Em um certo contraste com os dois anteriores, Anthony Blinkin, Secretário de Estado dos Estados Unidos, fez um discurso com uma visão negativa em relação a ambas as situações do Mar do Sul da China e da Criméia. Ele afirmou que os princípios da ordem marítima estão sob ameaça no Mar do Sul da China, onde existem encontros perigosos entre navios e ações provocativas para se avançar reivindicações marítimas ilegais. Outrossim, ele relembrou o Tribunal Arbitral criado cinco anos atrás, que emitiu uma “decisão unanime e legalmente vinculante, rejeitando firmemente tal expansão ilegal como inconsistente perante o direito internacional”. Além disso, ele mencionou que Estados estão ilegalmente clamando interesses no Golfo Persa e no Mar Negro, reafirmando o apoio Estadunidense à soberania da Ucrânia, e estressando que quando nações pretendem redesenhar fronteiras, elas minam a igualdade soberana dos Estados Membros, um princípio orientador das Nações Unidas.[3]

Curiosamente, o representante dos EUA afirmou que a comunidade internacional tem se beneficiado longamente da ordem marítima baseada em regras, onde a Convenção das Nações Unidas sobre o Direito do Mar de 1982 estabelece o quadro jurídico para as atividades no mar.[4] Os Estados Unidos, no entanto, não ratificaram a Convenção. O senado estadunidense ainda não chegou na maioria de dois terços necessária para tal ratificação, apesar dos pedidos feitos pelos presidentes Clinton, Bush e Obama em favor da aprovação.[5] A maioria dos que argumentam contra a ratificação continuam a criticar os termos do regime de mineração do fundo do mar baseados em uma preocupação única do Presidente Reagan rejeitando o tratado de 22 anos atrás.[6] Isso faz com que a posição deles seja um pouco contraditória quando criticam terceiros Estados, colocando-os em um local desconfortável.

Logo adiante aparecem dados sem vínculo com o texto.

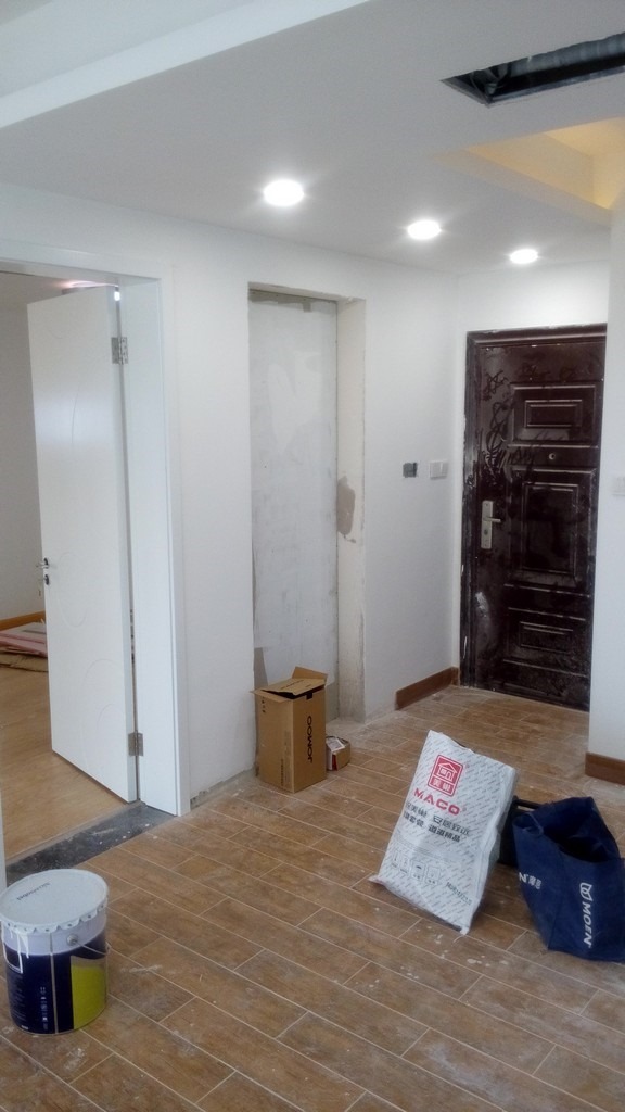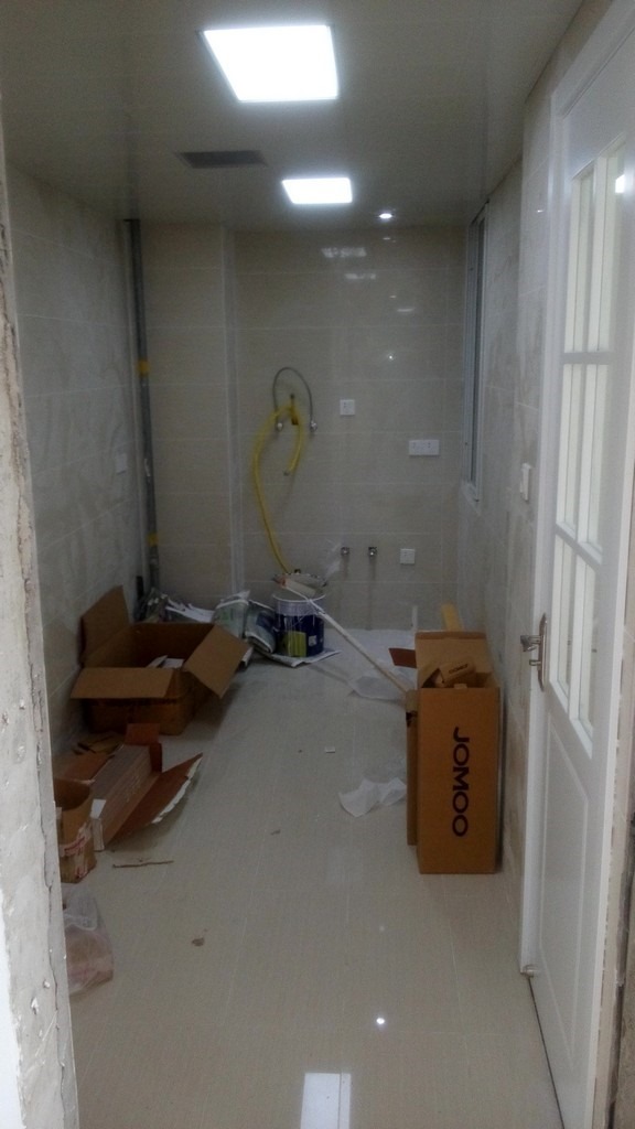 【记录】20140927装修第67天:安装剩余开关面板+卫生间马桶淋浴房台盆柜卫浴五金+风管机封口+阳台洗衣柜+木纹砖和阳台踢脚线

Por fim, em 9 de Agosto, em conexão com as considerações do Conselho, o Presidente do CSNU emitiu um Presidential Statement em nome do Conselho endereçando o tópico discutido. Dentre as afirmações incluídas no documento, pode-se destacar a consideração de que “o direito internacional, como refletido na Convenção das Nações Unidas sobre o Direito do Mar de 10 de Dezembro de 1982, estabelece o quadro legal aplicável às atividades no oceano, incluindo o combate a atividades ilícitas no mar”[7]. Esta é uma reivindicação forte considerando o quão complexo ainda é para alguns Estados aderir à CONVEMAR completamente.

Ademais, o Presidential Statement incluiu uma convocação para os Estados Membros considerarem, conforme apropriado, a ratificação, ou a ascensão a, e a implementação de diversas convenções como a Convenção das Nações Unidas contra o Crime Organizado Transnacional e a Convenção Contra o Tráfico Ilícito de Entorpecentes e Substâncias Psicotrópicas[8] – embora a escolha de não ter incluído a CONVEMAR aqui seja uma escolha interessante.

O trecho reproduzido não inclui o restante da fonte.